I have a similar strategy. The backup drive is actually a Btrfs file system created quite a long time ago when I thought Btrfsck (with the ability to correct errors) was just around the next corner on the development roadmap, an unduly optimistic assumption, as it turned out. In my partial defence, I was interested in the check sums, possibly also the snapshots, and I've always run btrfsck to check the integrity of the file system after unmounting it following a backup - so if there's a major error I should find out about if immediately after rsync and unmount have completed, not at restore time when it really matters. It is in fact a rather old BTRFS file system now; I can't remember the creation date though. When was the last on-disk format change requiring re-creation of file systems?
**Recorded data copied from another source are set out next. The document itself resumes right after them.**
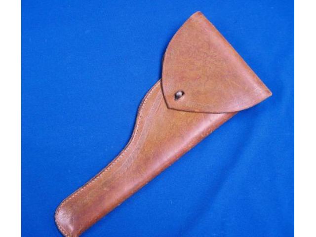 Nice old tooled leather holster for a long barrel revolver like a Colt or Remington.  letters "RHB 13090" on rear belt loop.
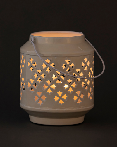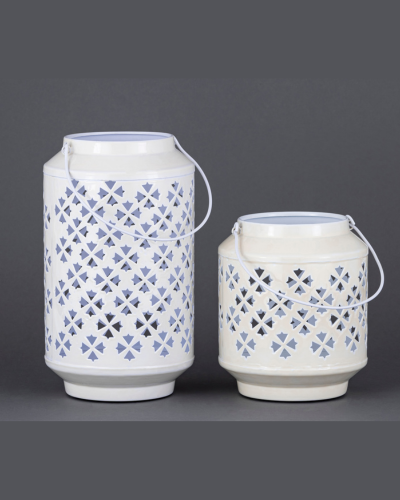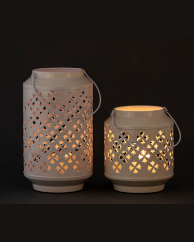 These beautifully crafted lanterns feature intricate star-shaped cutouts that create enchanting patterns of light and shadow when illuminated. Available in two sizes, tall and medium, they complement each other perfectly and can be displayed as a pair or styled separately. Their elegant design makes them versatile for both indoor and outdoor décor, adding warmth and charm to any setting. Each lantern comes with a sturdy handle for easy carrying or hanging, making them practical as well as decorative. Ideal for festive celebrations, weddings, or cozy home styling, these lanterns bring a touch of elegance and radiance wherever they are placed.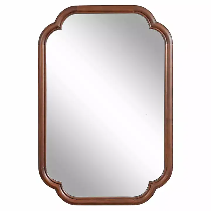 Elevate your decor with our charming Walnut Wood Scallop Wall Mirror! Between its size and lovely design, this mirror is perfect as a bathroom vanity mirror or as a decorative statement anywhere in your home.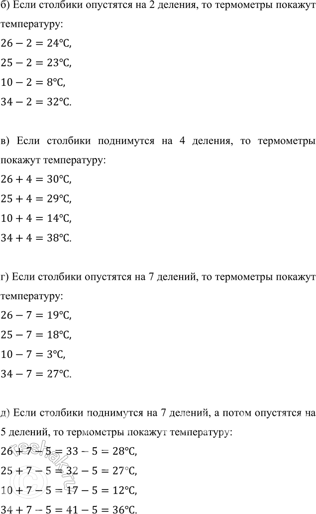 д) Если столбики поднимутся на 7 делений, а потом опустятся на 5 делений, то термометры покажут температуру: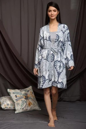 This product is hand block printed and there might be slight irregularities in colour and prints occurring. These irregularities are the hallmark of hand block printed product and make each exquisite piece one-of-its-kind. This Grey hand block printed short cotton voile kimono & slip with gudri work loungewear is a two piece set ,stitched in very fine cotton voile fabric. The set combines a long kimono with slip set. The printed comfy short kimono set is detailed with Kantha work and stitched finely for utmost comfort.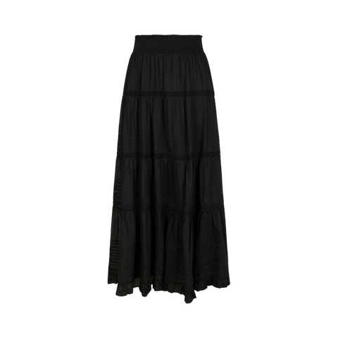 Smuk maxi-nederdel i 100% blød og luftig bomuld med romantiske blondedetaljer og niveauer samt smocksyninger i taljen. Nederdelen er sammensat af fire paneler, hvilket giver ekstra vidde og lethed. Den har desuden et diskret underskørt i samme tekstil og farve.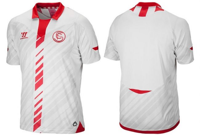 Luego, un sorprendente modelo creado por la empresa Warrior, la misma que viste al Liverpool inglés, para el Sevilla. Con cuello símil chomba color rojo y una franja entrecortada del mismo color atravesando en vertical el centro de la camiseta blanca, fue una de las más aclamadas de la presente temporada. El hecho de no contar con publicidad y tener una versión especial del escudo del club hace que se luzca y se aprecie mejor el diseño.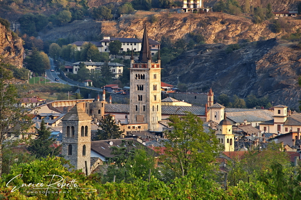 Alba sulla Cittadina di Susa (Segusium), da millenni crocevia dei diversi itinerari transalpini, Valle di Susa, Torino, Italia ----- Sunrise on the small town of Susa (Segusium), for millennia crossroads of the various transalpine routes, Susa Valley, Turin, Italy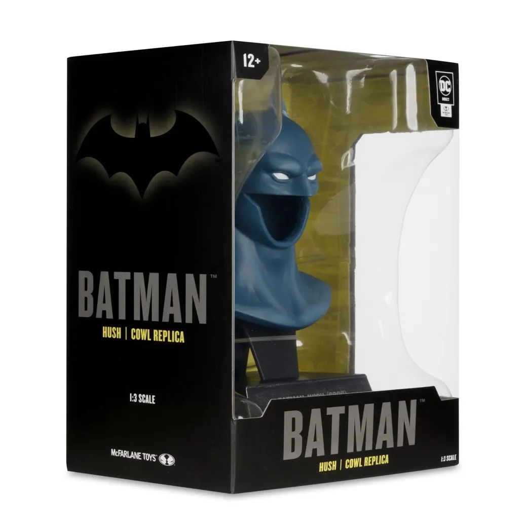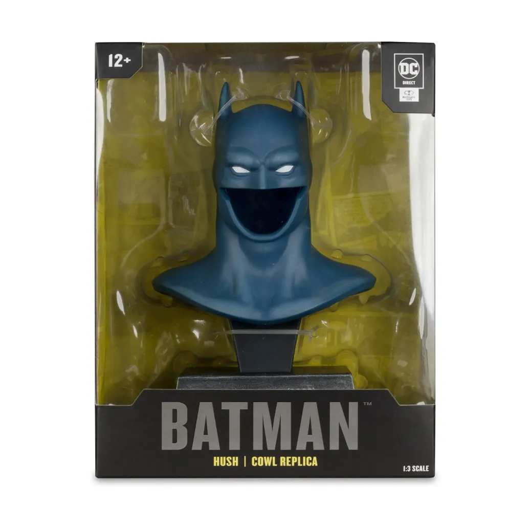 Aus der "DC Direct" Reihe kommt diese detailreiche Nachbildung der Batman-Maske im Maßstab 1/3. Die Maske ist ca. 19 cm groß und kommt mit einem Ständer zur ansprechenden Präsentation.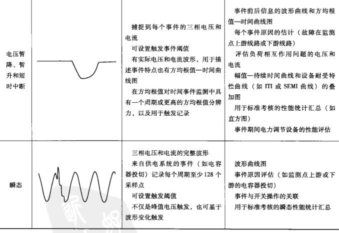电能质量包括了很广的工况和扰动现象。因此,对监测系统提出的要求是很重要的。下表总结了不同类型的电能质量变化所对应的基本要求。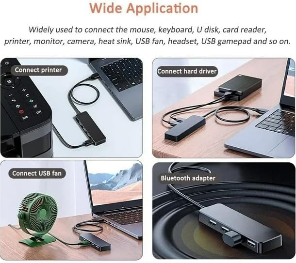 【4-ports at Same Time】:This USB hub can easily expand one of your computer’s USB ports into four port(Does not support charging). Support 4 ports to work at the same time, without any pressure, and keep the temperature in the middle range. Plug and play, no need driver, easy to use. 【Wide Appliaction】: 4-port USB expander applies to various devices: laptop, pc tower, XBOX, PS4, flash drive, keyboard, mouse, card reader, HDD, cellphone OTG adapter, printer, camera, USB fan and USB cables.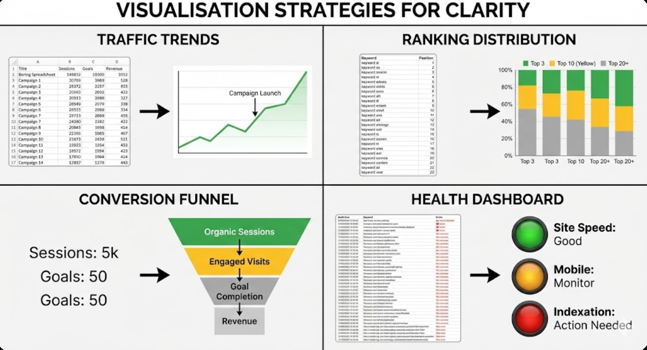 The agency rebuilt their reporting framework entirely. Reports shrank to eight pages. Executive summary led with business outcomes—leads generated from organic traffic, estimated revenue attributed to SEO, year-over-year traffic growth compared against industry benchmark. Technical detail moved to appendices available but not pushed. Visualisations replaced data tables. Narrative explained what happened, why it happened, and what would happen next.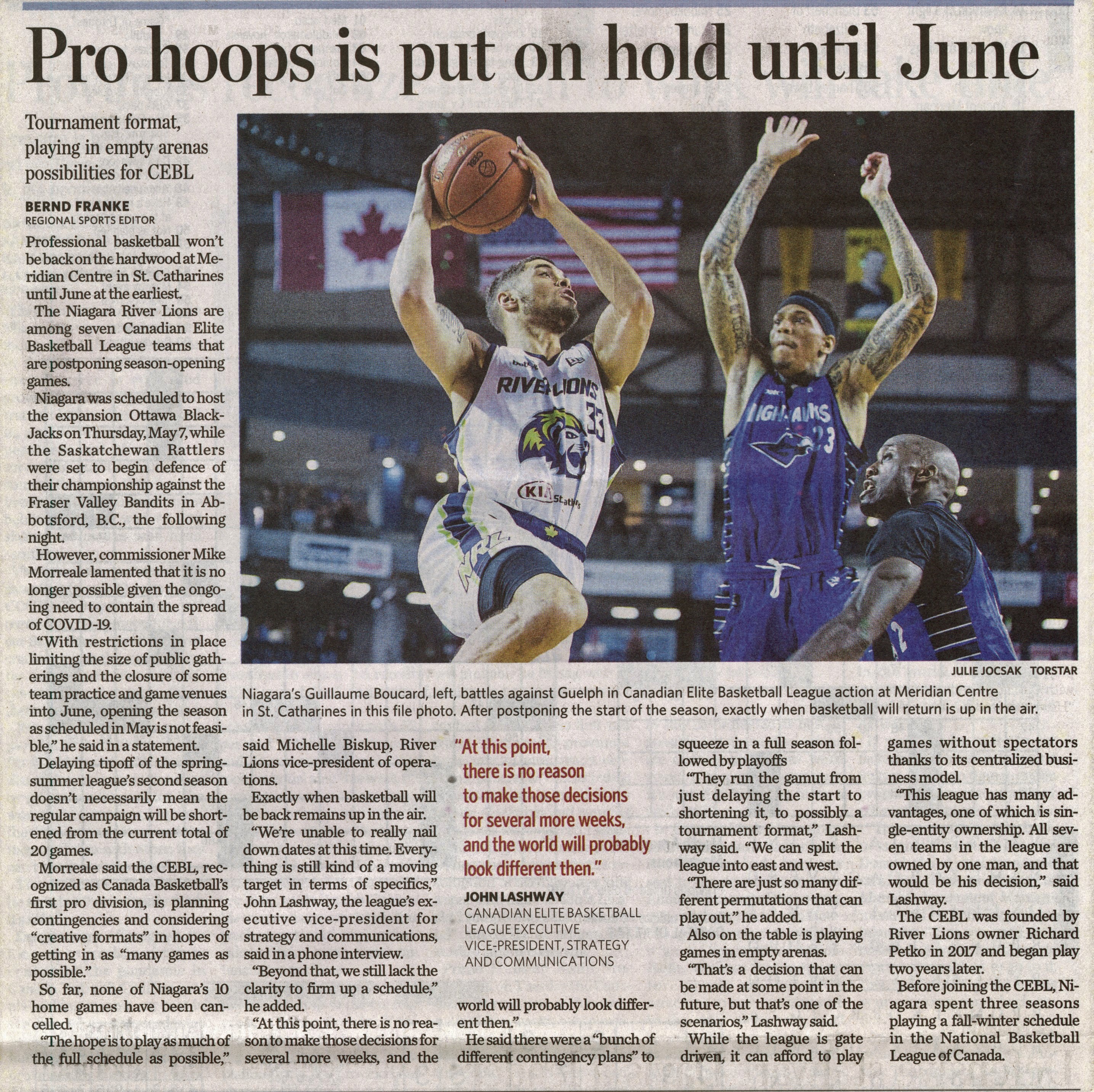 - Pro hoops is put on hold until June : Tournament format, playing in empty arenas possibilities for CEBL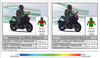 Poprawia ochronęprzed wiatrem na motocyklu o 38,0% - bez straty aerodynamiki (współczynnika cX), poprzez zmniejszenie siły działającej na kask z 4,06 g/cm2 do 3,17 g/cm2 oraz siły działającej na ciało kierowcy z 1,14 g/cm2 do 0,6 g/cm2. | Łączne ciśnienie rozproszone przez szybę PUIG jest równoważne 1,9 kg. Test przeprowadzony w wirtualnym tunelu aerodynamicznym PUIG. Środowisko testowe: prędkość 150 km/h, wzrost kierowcy 180 cm, pozycja standardowa, temperatura 20 stopni C, bez wiatru. Schemat znajduje się w galerii przedmiotu.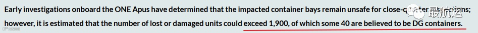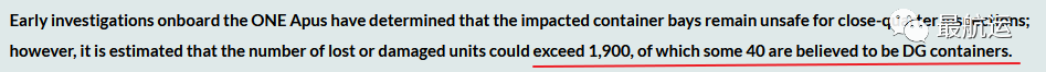 “ONE APUS”上的早期调查已确定,受影响的集装箱隔间在近距离检查时仍然不安全;但是,据估计,丢失或损坏的单元数量可能超过1900个,其中大约40个单元被认为是DG集装箱。

I'm currently using BTRFS snapshots for that sort of thing. On some of my systems I have 100 snapshots stored from 15 minute intervals and another 50 or so stored from daily intervals. The 15 minute intervals capture the most likely possibilities for creating and accidentally deleting a file. The daily once cover more long-term mistakes.
That's a convenient and thorough solution. In any directory containing work that I edit and want to keep, I maintain a Git repository. Running git init is easy enough and all that is required to maintain a reasonable history is a little discipline. I also use etckeeper for the same purpose (again with Git as the underlying version control tool). For especially important files (e.g., my PhD thesis and papers that I've written), I can push the repository to a remote machine owned by a trustworthy friend.